Supplied material:

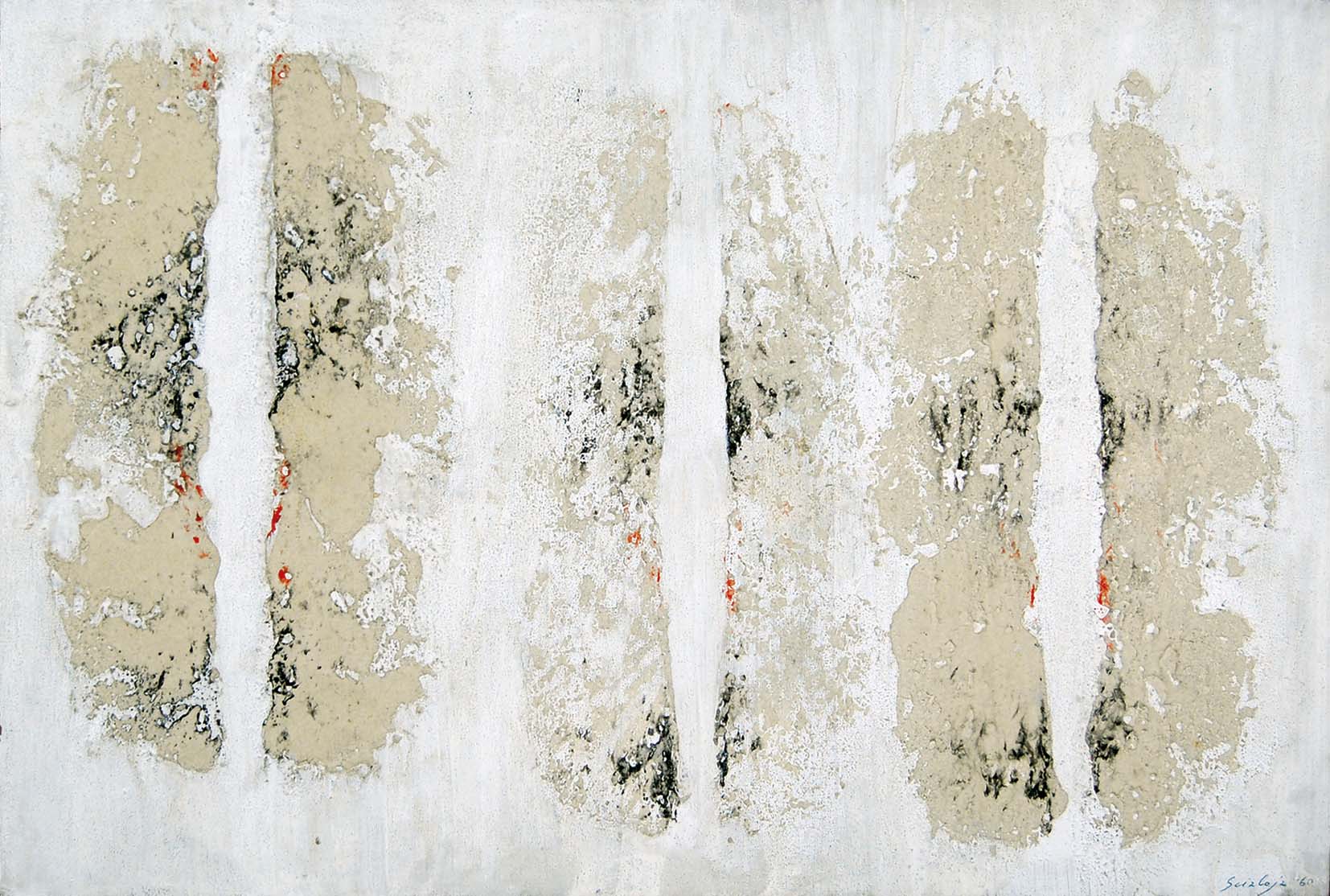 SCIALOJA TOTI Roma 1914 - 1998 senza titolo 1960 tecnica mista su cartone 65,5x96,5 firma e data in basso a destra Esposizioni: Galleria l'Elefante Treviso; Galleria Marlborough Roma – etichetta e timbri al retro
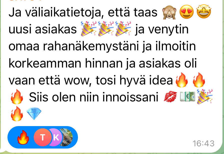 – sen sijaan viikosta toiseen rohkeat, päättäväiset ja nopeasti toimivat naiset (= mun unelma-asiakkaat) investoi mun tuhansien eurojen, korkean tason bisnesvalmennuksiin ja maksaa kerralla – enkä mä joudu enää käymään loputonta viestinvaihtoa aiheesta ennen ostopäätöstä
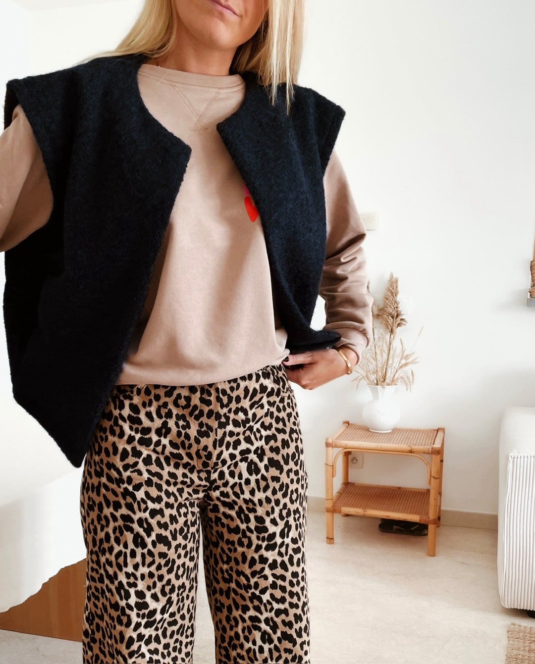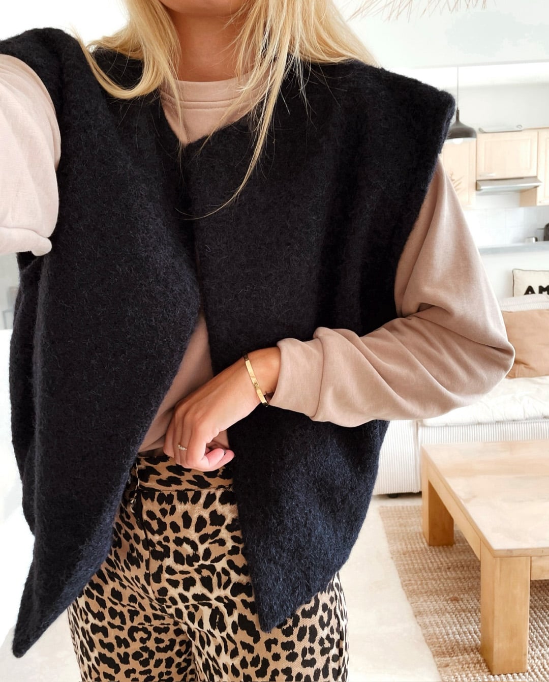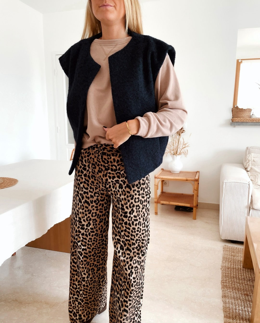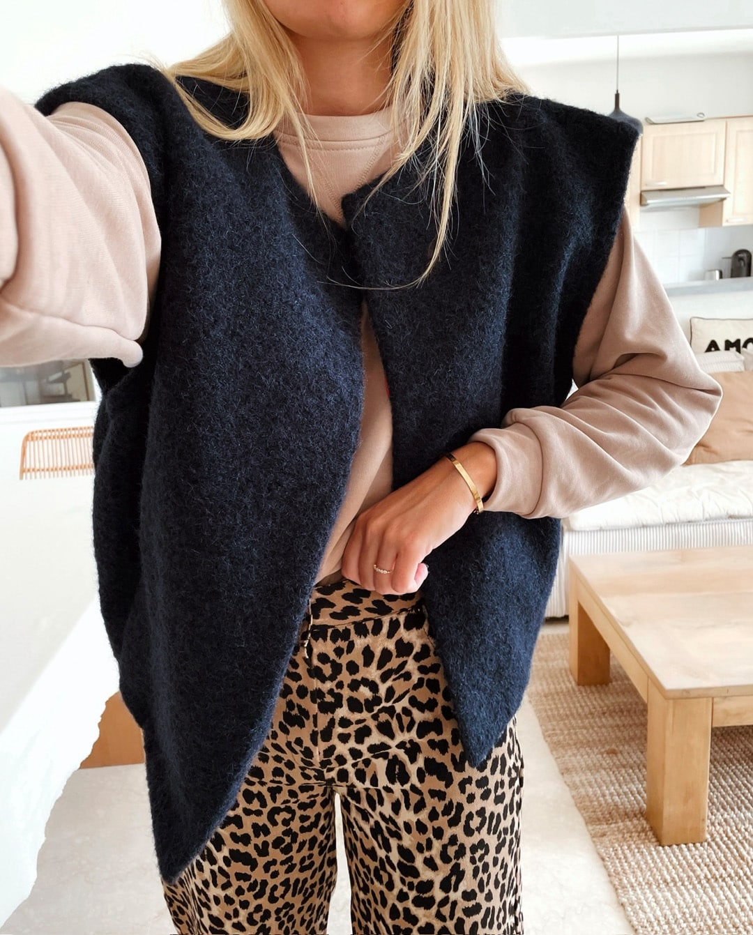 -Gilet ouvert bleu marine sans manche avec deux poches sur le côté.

---

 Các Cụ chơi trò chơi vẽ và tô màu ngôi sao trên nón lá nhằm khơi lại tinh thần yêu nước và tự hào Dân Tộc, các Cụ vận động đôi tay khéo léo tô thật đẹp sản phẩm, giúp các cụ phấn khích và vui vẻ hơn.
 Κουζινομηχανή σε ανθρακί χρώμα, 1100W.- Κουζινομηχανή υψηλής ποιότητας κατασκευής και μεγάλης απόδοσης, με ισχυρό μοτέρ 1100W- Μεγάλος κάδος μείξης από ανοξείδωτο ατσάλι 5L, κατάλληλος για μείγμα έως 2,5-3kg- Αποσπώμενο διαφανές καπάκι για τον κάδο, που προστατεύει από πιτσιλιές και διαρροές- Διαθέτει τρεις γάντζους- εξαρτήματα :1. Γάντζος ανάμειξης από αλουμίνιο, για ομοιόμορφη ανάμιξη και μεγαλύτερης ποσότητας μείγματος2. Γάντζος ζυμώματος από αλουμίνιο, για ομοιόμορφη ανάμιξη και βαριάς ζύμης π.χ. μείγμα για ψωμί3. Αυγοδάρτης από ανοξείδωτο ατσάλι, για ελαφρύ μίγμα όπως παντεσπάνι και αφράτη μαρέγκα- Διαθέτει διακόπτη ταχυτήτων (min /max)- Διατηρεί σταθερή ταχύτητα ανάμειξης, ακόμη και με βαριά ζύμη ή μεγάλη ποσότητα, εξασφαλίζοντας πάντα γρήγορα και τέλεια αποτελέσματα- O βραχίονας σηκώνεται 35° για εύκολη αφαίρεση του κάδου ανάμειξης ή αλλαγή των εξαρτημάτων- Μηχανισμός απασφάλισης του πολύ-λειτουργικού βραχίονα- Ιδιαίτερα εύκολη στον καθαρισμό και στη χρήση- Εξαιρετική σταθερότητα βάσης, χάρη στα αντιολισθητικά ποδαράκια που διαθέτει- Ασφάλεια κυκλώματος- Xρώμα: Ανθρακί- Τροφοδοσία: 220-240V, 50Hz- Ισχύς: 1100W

What you are asked to do:
After locating "SCIALOJA TOTI Roma" and "-Gilet ouvert bleu" in the records above, return exactly the line holding each one and every line between them; leave out the pictures.

Written solution:
 SCIALOJA TOTI Roma 1914 - 1998 senza titolo 1960 tecnica mista su cartone 65,5x96,5 firma e data in basso a destra Esposizioni: Galleria l'Elefante Treviso; Galleria Marlborough Roma – etichetta e timbri al retro
 – sen sijaan viikosta toiseen rohkeat, päättäväiset ja nopeasti toimivat naiset (= mun unelma-asiakkaat) investoi mun tuhansien eurojen, korkean tason bisnesvalmennuksiin ja maksaa kerralla – enkä mä joudu enää käymään loputonta viestinvaihtoa aiheesta ennen ostopäätöstä
 -Gilet ouvert bleu marine sans manche avec deux poches sur le côté.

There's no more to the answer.